Trafficking and Gating Cooperation Between Deficient Na(v)1.5-mutant Channels to Rescue INa

Background: Pathogenic variants in SCN5A, the gene encoding the cardiac Na+ channel alpha-subunit Na(v)1.5, result in life-threatening arrhythmias, e.g., Brugada syndrome, cardiac conduction defects and long QT syndrome. This variety of phenotypes is underlied by the fact that each Na(v)1.5 mutation has unique consequences on the channel trafficking and gating capabilities. Recently, we established that sodium channel alpha-subunits Na(v)1.5, Na(v)1.1 and Na(v)1.2 could dimerize, thus, explaining the potency of some Na(v)1.5 pathogenic variants to exert dominant-negative effect on WT channels, either by trafficking deficiency or coupled gating.
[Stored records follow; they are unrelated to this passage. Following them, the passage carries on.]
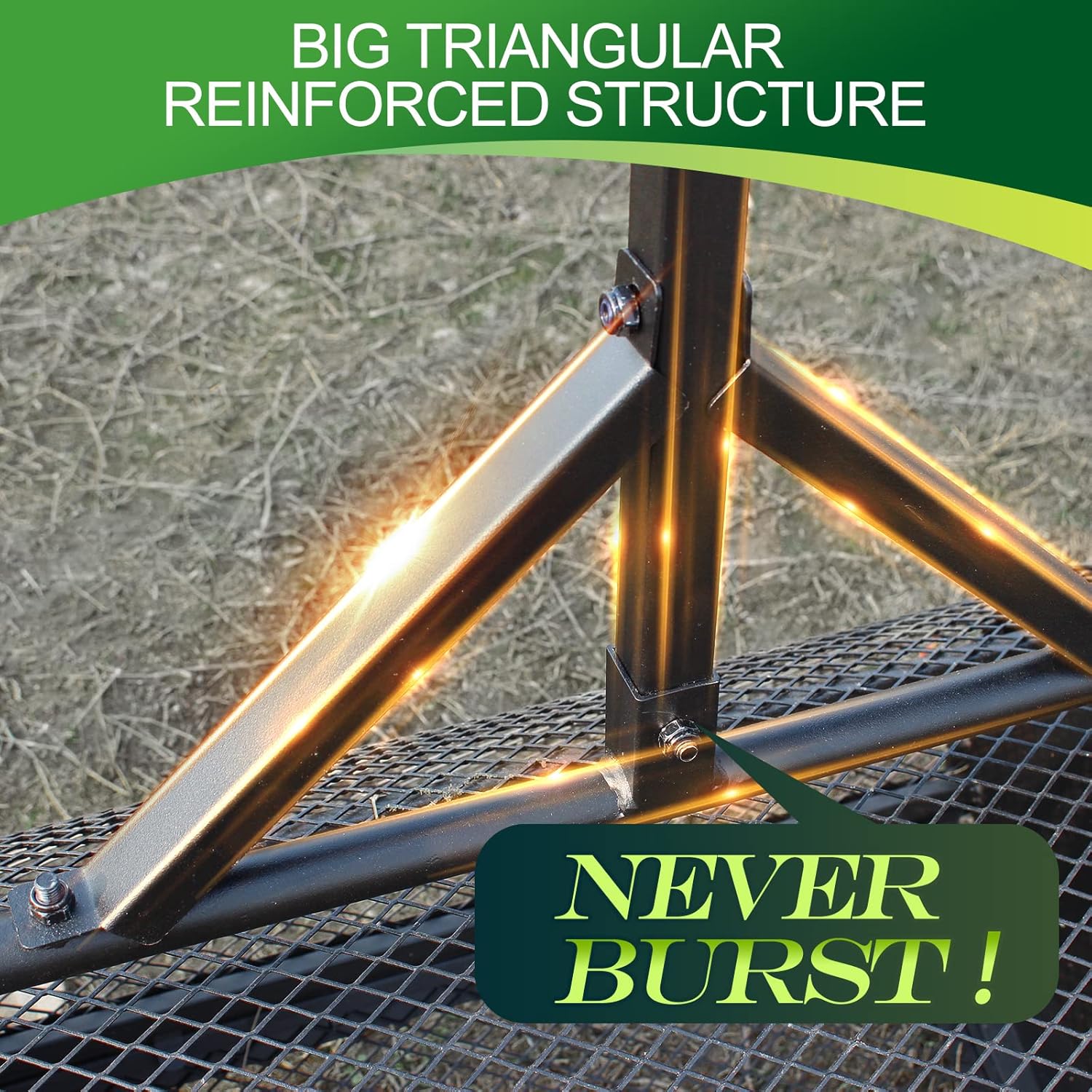 - UPGRADE HANDLE &DURABLE STRUCTURE: All high-quality steel construction and powder-coated finish make the compost spreader is sturdy and durable, the metal mesh basket surface is heat spray-treated to prevent rusting, corrosion resistant, and long-lasting. With the upgrade T-handle to avoid broken and makes it more durable and sturdy. Lightweight material makes lawn care even more enjoyable and easy to transport, ergonomic rubber handle grips for non-slip and comfortable.
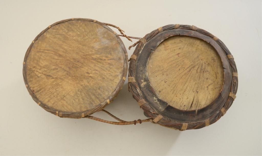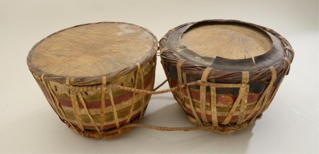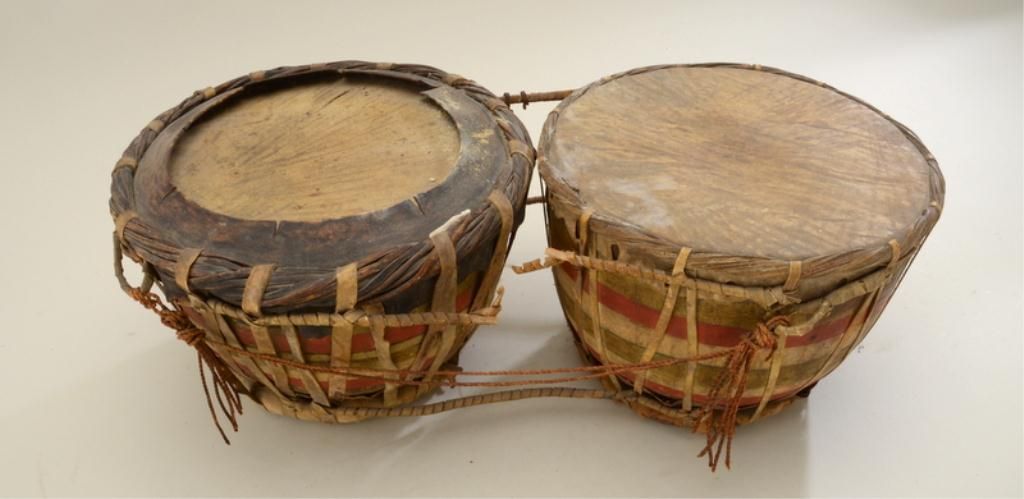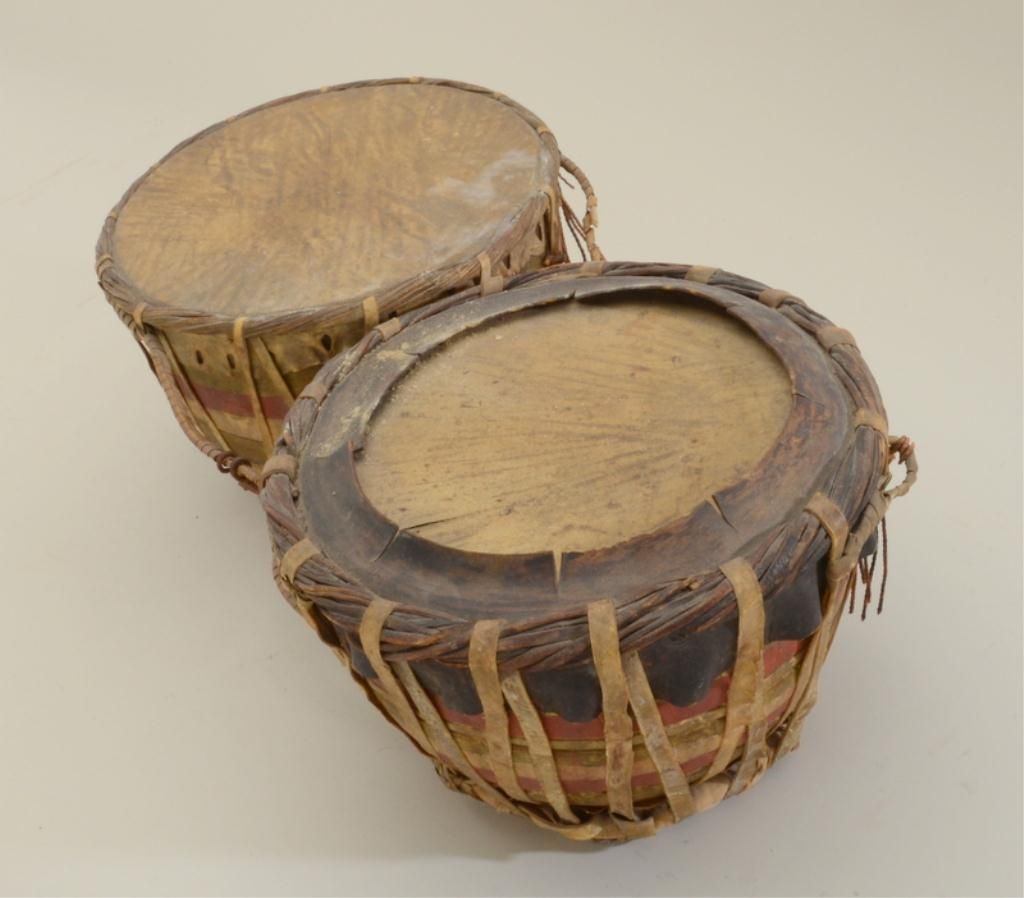 Pair of old drums, each approx. 11” in diameter and each approx. 9” in height, hide or sinew strips attach tops and bottoms to the drums, bodies are painted in horizontal panels of white, red and light brown; tops of drums are still tight, bottom area is trimmed in trade cloth. Consignor indicates these drums were obtained by his father in the late 1940s from the Los Angeles Southwest Museum; should be further researched. Est.: $400-$800.
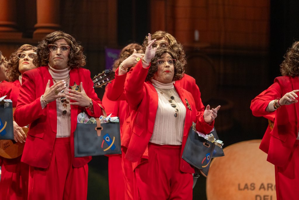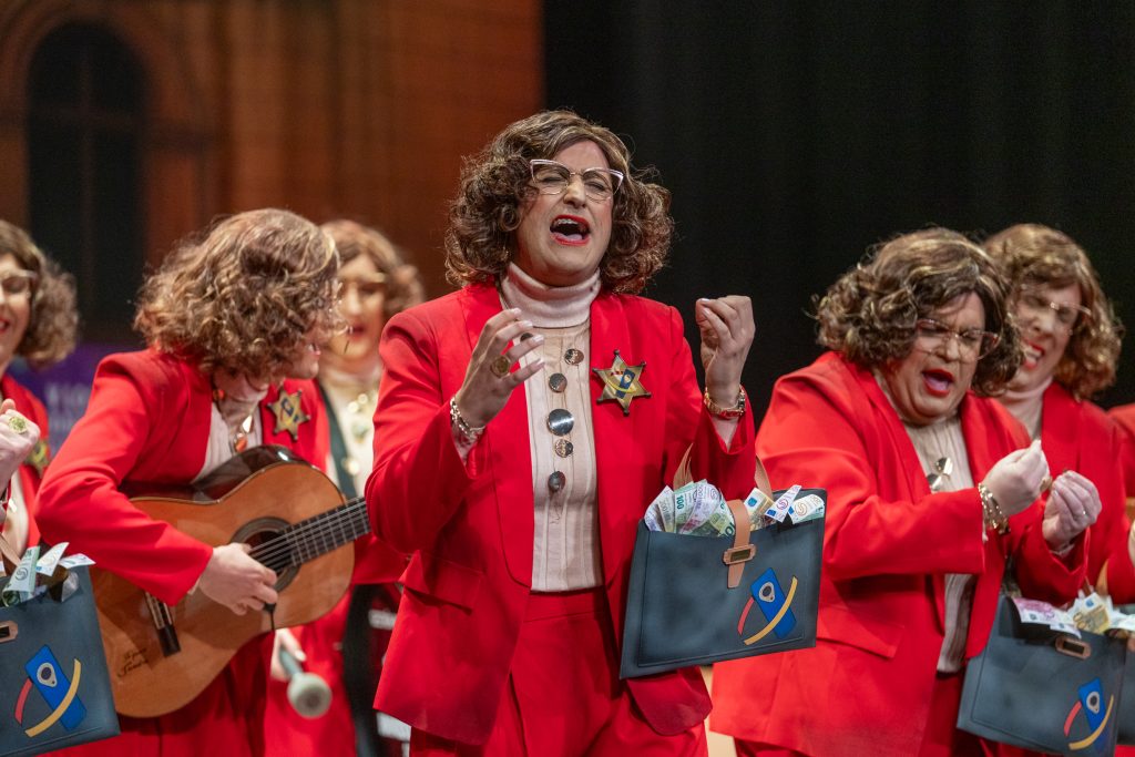 Los pasodobles elevaron el pase. El primero fue una acertada “declaración de intenciones” que comparaba el concurso con un proceso de elaboración tributaria, declarando amor a Cádiz desde el lenguaje administrativo. La música de Gallardo tuvo cuerpo, desarrollo y un vuelo poco habitual en chirigotas foráneas. El segundo pasodoble entró en materia social con decisión y apuntando alto: el cribado del cáncer de mama y la gestión sanitaria del Gobierno andaluz. La letra mencionó a la asociación Amama y señaló directamente las listas de espera y el papel del Ejecutivo, con un tono serio y reivindicativo que contrastó con el personaje de la ministra. Fue el momento más sólido del repertorio: discurso claro, remate bien planteado y música agradecida. Se notó oficio en la escritura.
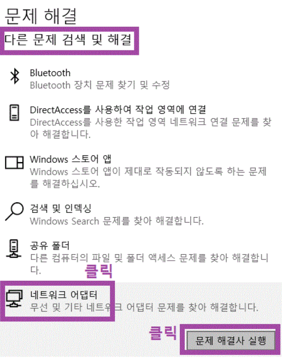 1. 윈도우 설정 -문제 해결-네트워크 어댑터 - 문제 해결사 실행

Objective: The present study sought to examine whether Na(v)1.5 channels can cooperate, or transcomplement each other, to rescue the Na+ current (I-Na). Such a mechanism could contribute to explain the genotype-phenotype discordance often observed in family members carrying Na+-channel pathogenic variants. Methods: Patch-clamp and immunocytochemistry analysis were used to investigate biophysical properties and cellular localization in HEK293 cells and rat neonatal cardiomyocytes transfected respectively with WT and 3 mutant channels chosen for their particular trafficking and/or gating properties. Results: As previously reported, the mutant channels G1743R and R878C expressed alone in HEK293 cells both abolished I-Na, G1743R through a trafficking deficiency and R878C through a gating deficiency. Here, we showed that coexpression of both G1743R and R878C nonfunctioning channels resulted in a partial rescue of I-Na, demonstrating a cooperative trafficking of Na(v)1.5 alpha-subunits. Surprisingly, we also showed a cooperation mechanism whereby the R878C gatingdeficient channel was able to rescue the slowed inactivation kinetics of the C-terminal truncated R1860X (Delta Cter) variant, suggesting coupled gating. Conclusions: Altogether, our results add to the evidence that Na-v channels are able to interact and regulate each other's trafficking and gating, a feature that likely contributes to explain the genotype-phenotype discordance often observed between members of a kindred carrying a Na+-channel pathogenic variant.